Конечно, я был полностью согласен с Алиной – никакой смерти и прочей мистики на кладбище нет и быть не может. Но уже сидя в пахнущей бензином маршрутке, я не мог отделаться от ощущения, что слышу далёкий ропот безликого несущества, кладбищенского Океана, шкурой чую его могучую гнилую силу, перед которой мы все, как говаривал Никита, “никто, нахуй”…

Впрочем, грозный ропот не помешал мне прозевать остановку.

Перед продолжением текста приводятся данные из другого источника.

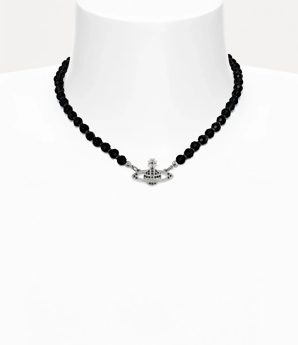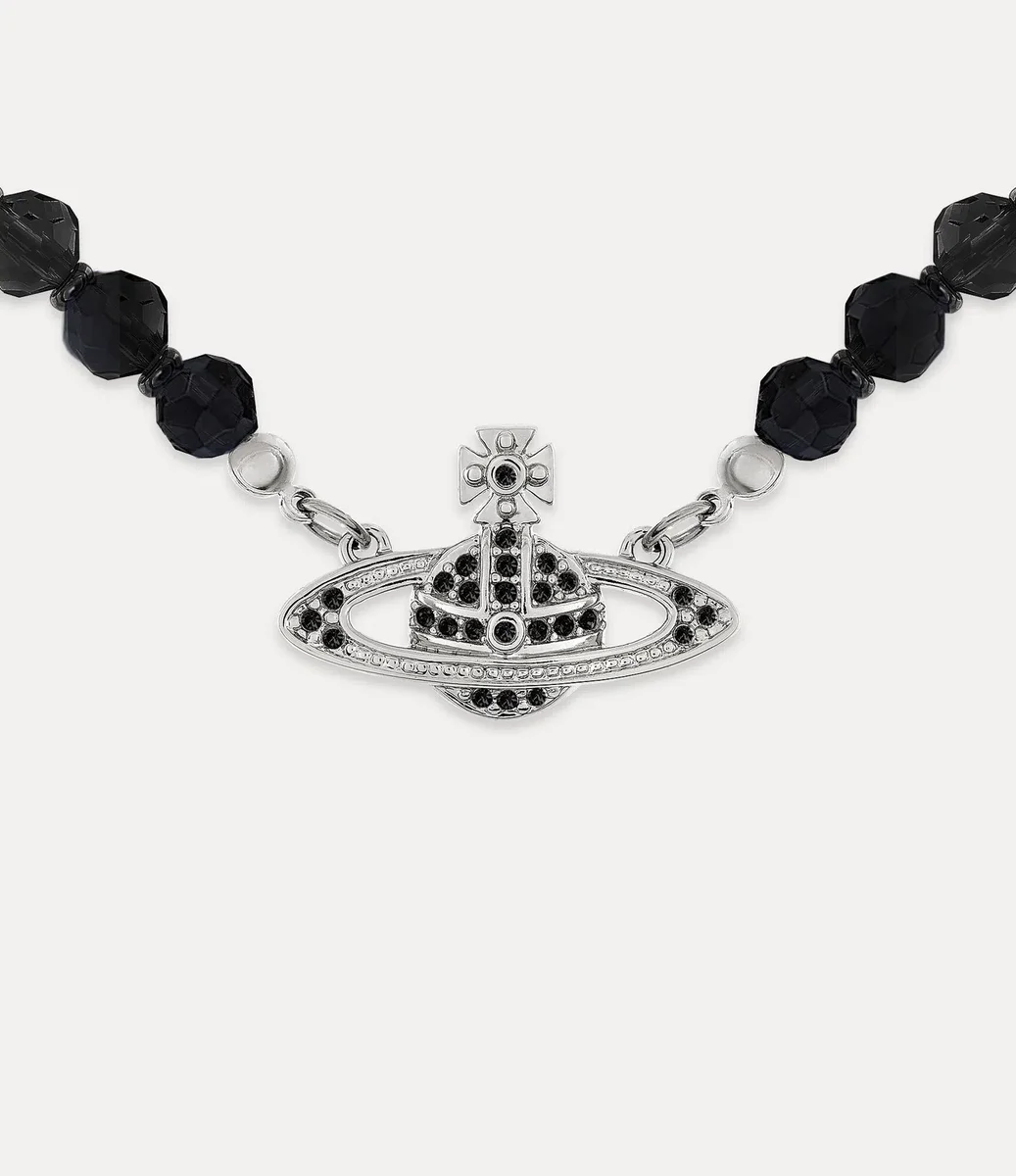Nuestra gargantilla Messaline se ha rediseñado con cristales de ágata negra anudados a mano, cada uno de ellos con un acabado intrincadamente tallado. Esta llamativa pieza cuenta con nuestro colgante esférico característico, adornado con cristales de color negro azabache y baño plateado, que encarna la visión de Vivienne de impulsar la tradición hacia el futuro.

Я отвлёкся на ископаемый шлягер Анжелики Варум про канувший в прошлое городок детства. Песня звучала отовсюду с начала девяностых: сама по себе и в качестве прощальной заставки к клоунской телепередаче. Поп-ностальгия по табакерке с одной улицей в три дома раньше не вызывала у меня никаких эмоций. Но тем зимним утром в унисон кособочились за окном маршрутки нищие, окраинные избёнки. Да и всё вокруг было таким несчастным, покинутым, временным: заборы, едва держащиеся на ногах, трухлявые калитки с бесплодными почтовыми ящиками – “две газеты, писем нет”. А под занавес мелькнула халупа с провалившимися окнами и рядом с ней жёлтый неотвратимый бульдозер. И тогда мне чуть ли не до слёз вспомнился Рыбнинск и моё в общем-то безмятежное детство, которого, как водится, не вернуть…

Промелькнула, кончилась лента серого бетонного забора, и раскинулась какая-то нелепая свалка. Мне показалось, что я вижу металлические спинки больничных кроватей. Через мгновение стало ясно, что никакие это не кровати, а низенькие, утопающие в снегу могильные оградки, венки вокруг крашенных серебрянкой времянок. Проехал!..

Я поспешно гаркнул водителю, чтобы тот остановился. Выбрался из маршрутки на обочину трассы, провалившись по щиколотки в месиво из подтаявшего снега и выхлопной сажи. Вдоль обочины на сотни метров тянулся глубокий и широкий овраг, за которым рябил сорный подлесок. Сквозь голые прутья просвечивало кладбище. Последние могилы выходили в заснеженное поле.